Car manufacturers and other firms that increasingly rely on consumer data to make money could be subject to new EU rules that would force them to share that data with other firms, according to a leaked draft of the plans obtained by euractiv.com.
The plan to upend rules governing how companies can own and share access to customer data has been dogged by delays and squabbles within the European Commission, and was pushed from a November announcement date down to next January.
Companies in a range of industries that have moved to cash in on data will be jarred by the Commission’s bid to change the rules. The executive could wrest control over data away from big firms and make it difficult for them to seal lucrative contract agreements with partnering companies.
Car companies, energy providers and companies that make internet-connected home devices, healthcare services and financial technologies could all be hard hit if the Commission moves to regulate how they access and share large amounts of data, according to the document.
The Commission is wary of allowing manufacturers to “lock in” consumers to deals they cannot opt out of that would give other companies access to their personal data. Car companies that own personal data detailing drivers’ habits could, for example, sell that data to in-car entertainment companies or internet providers that have signed partnerships with the manufacturers.

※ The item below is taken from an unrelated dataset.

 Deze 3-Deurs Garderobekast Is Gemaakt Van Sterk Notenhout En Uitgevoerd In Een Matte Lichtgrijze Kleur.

Consumer groups will likely be happy with that decision. Car companies won’t be. The European Automobile Manufacturers’ Association has argued that car companies should own drivers’ data and be allowed to sell access to it to other firms.

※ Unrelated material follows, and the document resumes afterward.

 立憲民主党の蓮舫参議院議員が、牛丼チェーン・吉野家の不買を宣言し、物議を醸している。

For now, the ideas in the document are not legally binding. But the strategy suggests that the executive is still considering whether or not it will introduce new legislation that would require companies to apply its suggestions on data sharing.
Andrus Ansip, the Commission vice-president in charge of technology policies, told reporters last month that his office is considering proposing a new law about data ownership by next June. After the executive publishes the strategy paper in January, officials in the executive’s technology policy unit will spend several months gathering information to determine whether legislation makes sense.
A new law on data ownership and access would be controversial and could conflict with what some experts have been advising in Brussels. There isn’t enough data on the economic effects that new legislation could have, according to a study the Juncker Commission published last week. The report was commissioned from law firm Osborne Clarke LLP, which recommended that EU policy chiefs hold off on their plans to propose a new law.
As part of the draft plan, the Commission is also considering a proposal to update insurance rules to apply to machines that use huge amounts of data or operate autonomously, like driverless cars.
Firms that take on major risk and benefit from an internet-connected device would be held liable for any problems, while a consumer or anyone who suffers damages would be reimbursed, according to the the strategy.
The executive is also considering legislation to prevent companies from storing data in one EU member state.
As part of a move to get rid of restrictions on where firms keep data in the 28-member state bloc, the executive wants to introduce “enforcement actions” that would stop companies from storing data in one country and preventing it from traveling between different EU states.
The Commission names the “principle of free movement of data within the EU” as a new kind of freedom on a par with the guarantee for the free movement of services, which is already outlined in EU law.
The executive has already faced backlash over its plan to lift those restrictions. Some countries including France and Germany pushed back against suggestions to get rid of so-called data localisation. Many companies store their data in only one EU country as part of a business strategy based on the assumption that privacy-conscious consumers think some EU countries have stronger privacy rules.
“In some countries they think they’ll only be able to keep data protected if they keep them inside those countries,” Ansip told reporters last month.